Either way, since we're talking about 'starts to slip', we're only interested in the static friction.
Since the block has the lower coefficient of static friction, the block will be the first to slip.
The block will start to slip when the centrifugal force on the block is equal to its static friction.
Hey sorry I missed that. I updated the question including the radius.

#### Klaas van Aarsen

##### MHB Seeker
Staff member
Hey sorry I missed that. I updated the question including the radius.
Hmm... we still need the location of the block...
Is it at the edge of the disk? Then we need to know the size of the block. Is it given?
Or can we assume the disk is a little bigger and the center of the block is at the given radius?

Anyway, let's assume that the block is fully on the disk, and that the center of the block is at a distance $r$ from the axis of rotation.

Then the static friction $F_s$ on the block, just before it starts sliding, is
$$F_{s} = \mu_{s} N\tag 1$$
where $\mu_{s}$ is the coefficient of static friction of the block with the disk, and $N$ is the combined weight of the block and the cent.

The corresponding centripetal force $F_c$ is
$$F_c=m \omega^2 r \tag 2$$
where $m$ is the combined mass of the block and the cent, and $\omega$ is the angular velocity.

The combined weight is
$$N= m g\tag 3$$
where $m$ is again the combined mass, and $g=9.81\,\text{m/s}^2$.

The angular velocity is
$$\omega = 2\pi f\tag 4$$
where $f$ is the frequency, which is the number of revolutions per second.

Finally, we have that
$$f = \frac{rpm}{60} \tag 5$$
where $rpm$ is the revolutions per minute.

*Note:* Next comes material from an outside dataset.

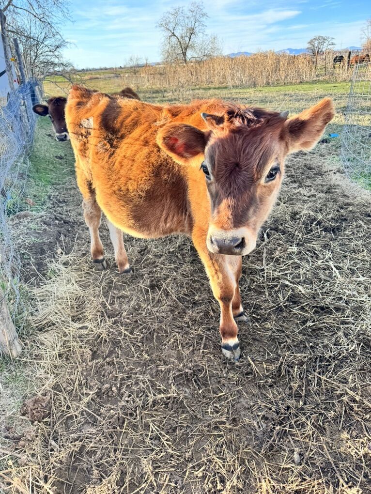 One available. He’s been on pasture, along with hay, grain, and minerals. Grain started for best tasting meat. He’s good size, growing fast. Asking $1,500. Cash only.

Set $F_{s}=F_c$ and solve for $rpm$?

#### Wild ownz al

##### Member
Hmm... we still need the location of the block...
Is it at the edge of the disk? Then we need to know the size of the block. Is it given?
Or can we assume the disk is a little bigger and the center of the block is at the given radius?

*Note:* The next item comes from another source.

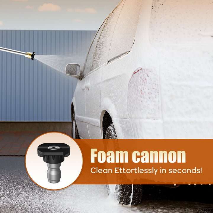 5 Quick-Connect Nozzles: Includes 0¡ã, 15¡ã, 25¡ã, 40¡ã, and soap nozzles for adjustable spray patterns¡ªperfect for both heavy-duty and delicate cleaning jobs.
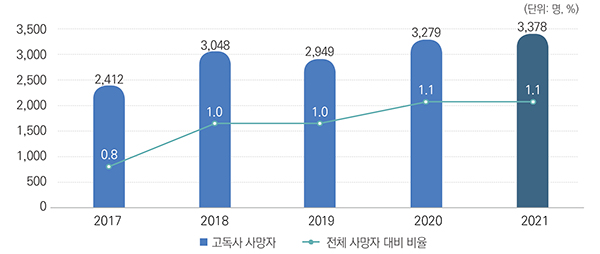 지난해 고독사 사망자는 모두 3378명으로, 2019년을 제외하면 증가 추세에 있다. 전체 사망자 수에서 차지하는 비중은 매년 약 1% 내외 수준이다.

Anyway, let's assume that the block is fully on the disk, and that the center of the block is at a distance $r$ from the axis of rotation.

Then the static friction $F_s$ on the block, just before it starts sliding, is
$$F_{s} = \mu_{s} N\tag 1$$
where $\mu_{s}$ is the coefficient of static friction of the block with the disk, and $N$ is the combined weight of the block and the cent.

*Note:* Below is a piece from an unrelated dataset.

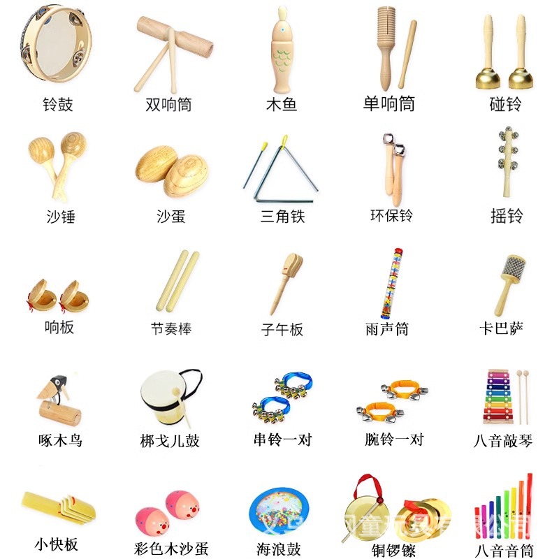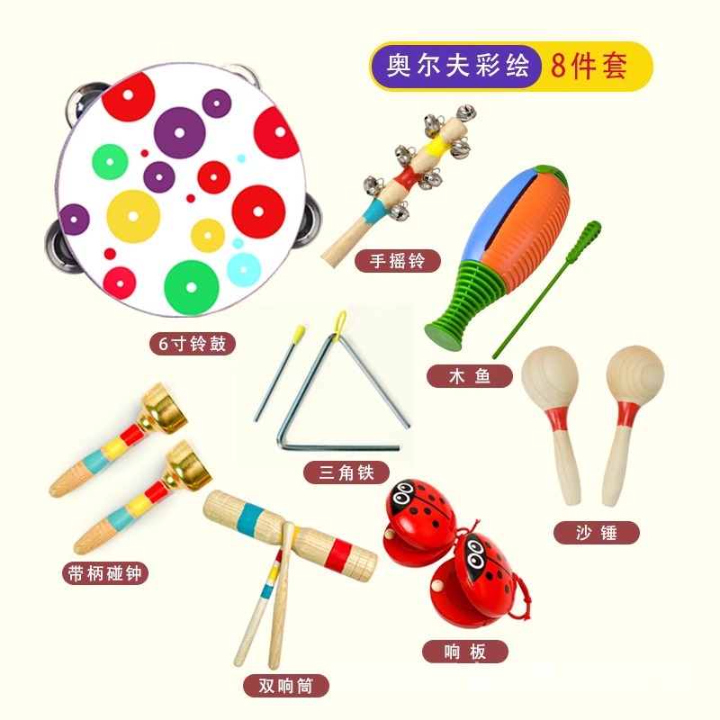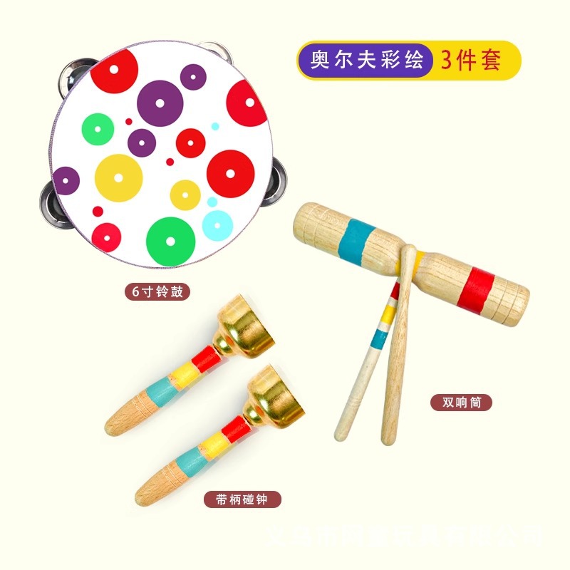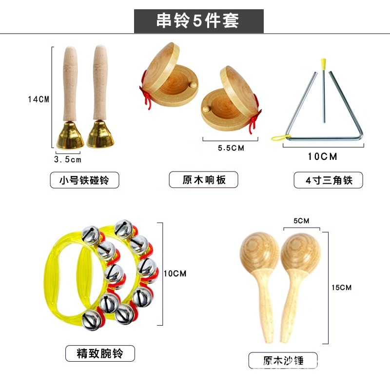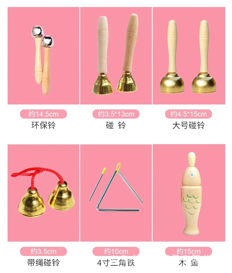 유치원 Orff Percussion 어린이 음악 교육 원조 트라이앵글 링 보드 샌드 해머 탬버린 더블 링 드럼 벨

The corresponding centripetal force $F_c$ is
$$F_c=m \omega^2 r \tag 2$$
where $m$ is the combined mass of the block and the cent, and $\omega$ is the angular velocity.

The combined weight is
$$N= m g\tag 3$$
where $m$ is again the combined mass, and $g=9.81\,\text{m/s}^2$.

The angular velocity is
$$\omega = 2\pi f\tag 4$$
where $f$ is the frequency, which is the number of revolutions per second.

Finally, we have that
$$f = \frac{rpm}{60} \tag 5$$
where $rpm$ is the revolutions per minute.

Set $F_{s}=F_c$ and solve for $rpm$?
Updated the question again with the location of the masses. However there are no sizes of the masses given

#### Klaas van Aarsen

##### MHB Seeker
Staff member
Updated the question again with the location of the masses. However there are no sizes of the masses given
Can it be that we should read it as: "The block is sitting at the edge of the disc at a radius of 12 cm?"

If so, then we can proceed with $r=12\,\text{cm}$.

#### Wild ownz al

##### Member
Can it be that we should read it as: "The block is sitting at the edge of the disc at a radius of 12 cm?"

If so, then we can proceed with $r=12\,\text{cm}$.
That is correct.

#### skeeter

##### Well-known member
MHB Math Helper
Updated the question again with the location of the masses. However there are no sizes of the masses given
your original post gives mass measurements for the penny & block ...

A penny of mass 3.10 g rests on a small 20.0-g block supported by a spinning disk.

#### Wild ownz al

##### Member
your original post gives mass measurements for the penny & block ...
Hey Skeeter. I read his question as if he was looking for the actual dimensions of the objects. The masses of the block and penny are given.

#### Klaas van Aarsen

##### MHB Seeker
Staff member
Yeah, I meant the actual sizes.
Either way, it does say that the block is 'small', suggesting that we can ignore its size.

So?
How far do you get if you don't mind me asking?